Despite posting a 44 per cent drop in profit in its half-year results, Plus500 shares fared better as it pushed forward with international expansion plans and offered investors hefty rewards.
Reflecting the downturn, fellow FTSE-listed trading firm IG Group revealed in October that it was slashing 10 per cent of its workforce in a cost-cutting drive.
But markets turned a corner at the end of 2023, fuelled by bets that interest rates would soon start to fall and traders are starting to take notice.
A survey from Hargreaves Lansdown revealed investor confidence bounced in December, helping to boost activity on trading platforms. Emma Wall, head of investment analysts at Hargreaves Lansdown, noted that investors “played the momentum trade” by buying into rallying markets.
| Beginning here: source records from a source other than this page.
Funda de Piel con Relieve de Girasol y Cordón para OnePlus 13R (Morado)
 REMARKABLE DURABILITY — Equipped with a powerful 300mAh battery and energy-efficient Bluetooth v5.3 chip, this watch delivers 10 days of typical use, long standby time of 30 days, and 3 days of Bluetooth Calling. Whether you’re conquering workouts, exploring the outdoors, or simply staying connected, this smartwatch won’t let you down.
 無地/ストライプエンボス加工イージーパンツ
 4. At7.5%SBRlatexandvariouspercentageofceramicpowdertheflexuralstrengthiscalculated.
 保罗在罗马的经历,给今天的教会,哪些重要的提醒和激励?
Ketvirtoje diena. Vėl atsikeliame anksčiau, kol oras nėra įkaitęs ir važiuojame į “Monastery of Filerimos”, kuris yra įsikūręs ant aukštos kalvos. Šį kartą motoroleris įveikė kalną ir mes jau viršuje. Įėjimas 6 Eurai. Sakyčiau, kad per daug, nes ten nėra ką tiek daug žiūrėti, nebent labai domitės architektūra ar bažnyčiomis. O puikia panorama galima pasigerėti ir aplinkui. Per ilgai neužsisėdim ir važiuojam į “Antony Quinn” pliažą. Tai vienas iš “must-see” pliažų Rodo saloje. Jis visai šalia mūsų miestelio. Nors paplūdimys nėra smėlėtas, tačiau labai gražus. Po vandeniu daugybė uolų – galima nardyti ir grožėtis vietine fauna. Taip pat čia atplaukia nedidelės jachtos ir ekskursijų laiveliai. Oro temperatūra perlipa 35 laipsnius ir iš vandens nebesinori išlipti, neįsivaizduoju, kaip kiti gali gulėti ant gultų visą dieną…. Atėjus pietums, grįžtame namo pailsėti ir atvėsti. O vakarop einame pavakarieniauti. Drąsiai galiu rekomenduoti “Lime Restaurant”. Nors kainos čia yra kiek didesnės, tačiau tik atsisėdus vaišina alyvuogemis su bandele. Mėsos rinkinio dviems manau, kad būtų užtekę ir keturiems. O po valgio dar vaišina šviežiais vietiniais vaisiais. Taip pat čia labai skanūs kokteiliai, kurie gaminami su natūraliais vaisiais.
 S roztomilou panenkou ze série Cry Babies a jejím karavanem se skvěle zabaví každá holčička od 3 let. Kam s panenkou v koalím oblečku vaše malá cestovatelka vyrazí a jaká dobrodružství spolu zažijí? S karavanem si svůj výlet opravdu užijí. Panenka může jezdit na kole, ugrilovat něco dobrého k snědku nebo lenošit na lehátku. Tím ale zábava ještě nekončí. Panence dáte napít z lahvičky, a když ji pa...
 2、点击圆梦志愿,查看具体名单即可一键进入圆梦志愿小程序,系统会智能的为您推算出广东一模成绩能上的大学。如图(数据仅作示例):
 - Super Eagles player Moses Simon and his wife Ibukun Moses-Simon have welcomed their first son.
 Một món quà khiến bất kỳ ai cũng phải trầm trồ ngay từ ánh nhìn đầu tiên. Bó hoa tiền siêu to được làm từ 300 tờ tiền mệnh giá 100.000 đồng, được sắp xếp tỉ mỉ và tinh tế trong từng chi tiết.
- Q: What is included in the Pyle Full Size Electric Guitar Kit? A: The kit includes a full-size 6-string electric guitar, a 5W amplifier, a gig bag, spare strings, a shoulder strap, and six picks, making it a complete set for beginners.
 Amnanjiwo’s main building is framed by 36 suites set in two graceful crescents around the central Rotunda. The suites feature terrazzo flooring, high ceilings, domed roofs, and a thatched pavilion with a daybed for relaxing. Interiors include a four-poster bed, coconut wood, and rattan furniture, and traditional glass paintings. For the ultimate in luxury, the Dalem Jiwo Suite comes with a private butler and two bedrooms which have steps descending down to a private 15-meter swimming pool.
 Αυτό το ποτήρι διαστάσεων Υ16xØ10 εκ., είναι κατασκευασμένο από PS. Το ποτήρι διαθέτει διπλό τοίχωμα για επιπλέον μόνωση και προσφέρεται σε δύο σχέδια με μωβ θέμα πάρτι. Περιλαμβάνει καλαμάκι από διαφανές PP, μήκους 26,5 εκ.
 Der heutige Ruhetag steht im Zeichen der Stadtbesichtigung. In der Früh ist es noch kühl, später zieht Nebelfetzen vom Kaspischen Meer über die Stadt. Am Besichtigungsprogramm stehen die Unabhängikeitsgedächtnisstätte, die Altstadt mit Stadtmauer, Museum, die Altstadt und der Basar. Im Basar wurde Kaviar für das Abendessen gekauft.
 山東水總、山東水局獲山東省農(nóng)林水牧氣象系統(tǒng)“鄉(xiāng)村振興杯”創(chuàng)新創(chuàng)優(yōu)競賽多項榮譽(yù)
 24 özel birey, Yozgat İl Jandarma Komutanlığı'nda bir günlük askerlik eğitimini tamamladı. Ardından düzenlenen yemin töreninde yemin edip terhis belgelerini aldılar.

The question now is whether the pick-up in activity in the final three months of December is a sign of things to come.
“Looking into 24, there are some glimmers of optimism – things like when do interest rates start to reduce, a fairly significant number of elections in major economies – all these things are potential catalysts to stimulate activity,” Duncan told City A.M.
But he warned that trading platforms are characterised by “an inherent lack of visibility with regards to activity levels.”